Perdoe-me padre, porque eu pequei.
Talvez eu deva começar confessando que nunca me confessei. Eu nunca fui
muito ligado à igreja, mesmo com as insistências da minha mãe. Já estou com 45
anos, padre, não acho que Deus ainda tenha tempo para mim. Eu sei que eu não
tenho mais tempo para ele. Talvez para compensar isso que eu deixei as crianças
entrarem no coral. Ver duas criancinhas vestidas de anjinhos tocam o coração do
mais bruto dos homens. Larissa é mais nova, mas muito mais esperta que o
Victor. A mãe fala que ela decorou todas as músicas, mas o irmãozinho ainda
atropela algumas palavras.
Meus filhos também foram um motivo para eu me livrar de outro pecado,
padre. Eu traia muito a minha mulher. Ao menos três vezes por semana, não só
com a manicure do salão onde ela faz o cabelo como com a atendente da padaria.
No cabaré eu ia atrás de Luana todos os fins de semana e já que estou
confessando, confesso que até sinto saudades dela. Não só pelo seu cheiro, que
mulher cheirosa, mas porque ela é de longe a mulher mais bonita daquele lugar.
Eu acho que as coisas acontecem assim: chega um momento na vida em que o homem
deve sossegar e cuidar da família e esse momento chegou quando Larissa nasceu.

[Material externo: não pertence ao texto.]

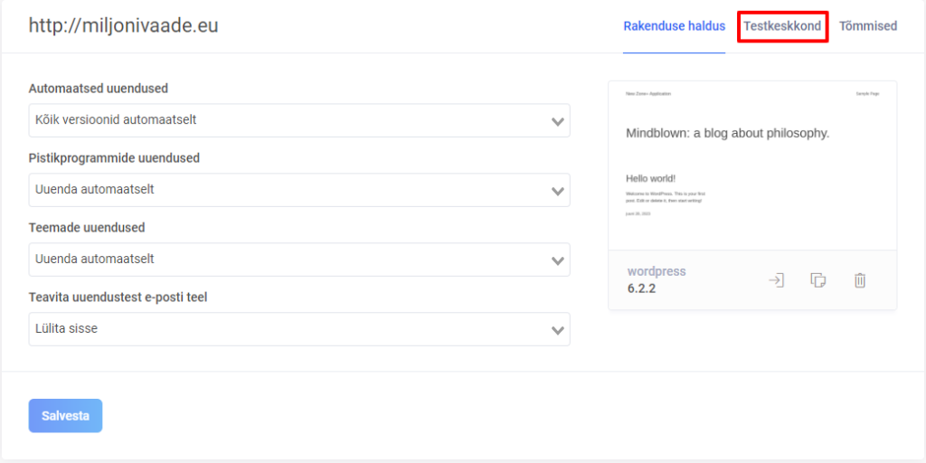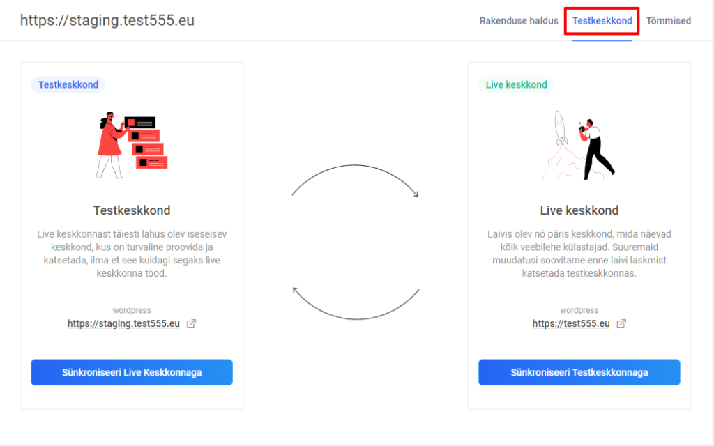 WordPressile on võimalik seadistada oma testkeskkond. See kujutab endast koopiat rakendusest, mis on seotud põhirakendusega, ning võimaldab andmete ja failide sünkroniseerimist kahe keskkonna vahel.
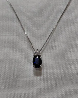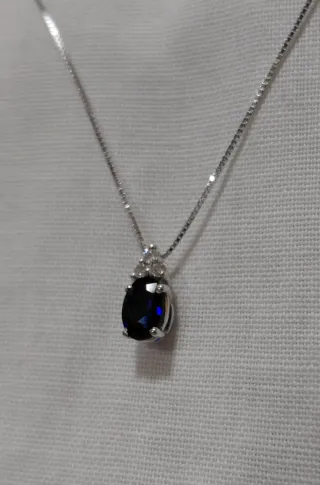 Colgante de cinco zafiros de 0.10tcw y un diamante de 0.03ct de corte redondo, brillante, excelente. Color G/H. Claridad vs1-vs2. Peso total 1.5 gramos(el peso que pone en la tarjeta está mál). En oro blanco 18k. Incluye cadena veneciana regulable de 40-45 cm. Nuevo sin estrenar. Incluye garantia gemológica.
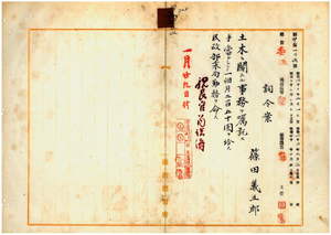 五二 台湾総督府民政部土木局長心得長尾半平ノ内申ニ依リ篠田義五郎ニ土木ニ関スル事務ヲ嘱託シ台湾総督府民政部土木局勤務ヲ命ス

Claro que foi difícil no começo, as lembranças de Luana, aquelas alegrias já
mortas, sempre me faziam colocar o pé fora de casa no sábado ou domingo, mas a
voz de Larissa me fazia recuar.
Sei que não estou usando uma ordem cronológica, padre, mas é que é tanto
pecado que acho melhor contar conforme for lembrando. Eu judiei de animais
quando era pequeno. Aleijei um gatinho, joguei tinta de caneta num cachorro,
matei muito pássaro trepado nas árvores do quintal de casa. Quando cresci,
quando virei adulto, também matei vários gatos envenenados para ver se paravam
de entrar no meu quintal e rasgar os sacos de lixo. Nunca entendi essa história
de que animais não viram fantasmas depois que morrem, mas pode até ser sorte
minha, ou então eu seria assombrado por um zoológico. Hoje eu ensino meus
filhos a não seguir meu exemplo. Temos uma cadelinha, a Sofia, que ainda é tão
bebê quanto os meus. Victor, que tem 8 anos, cuida dela com muito zelo e pelo
jeito, no futuro, ele queira até ser veterinário.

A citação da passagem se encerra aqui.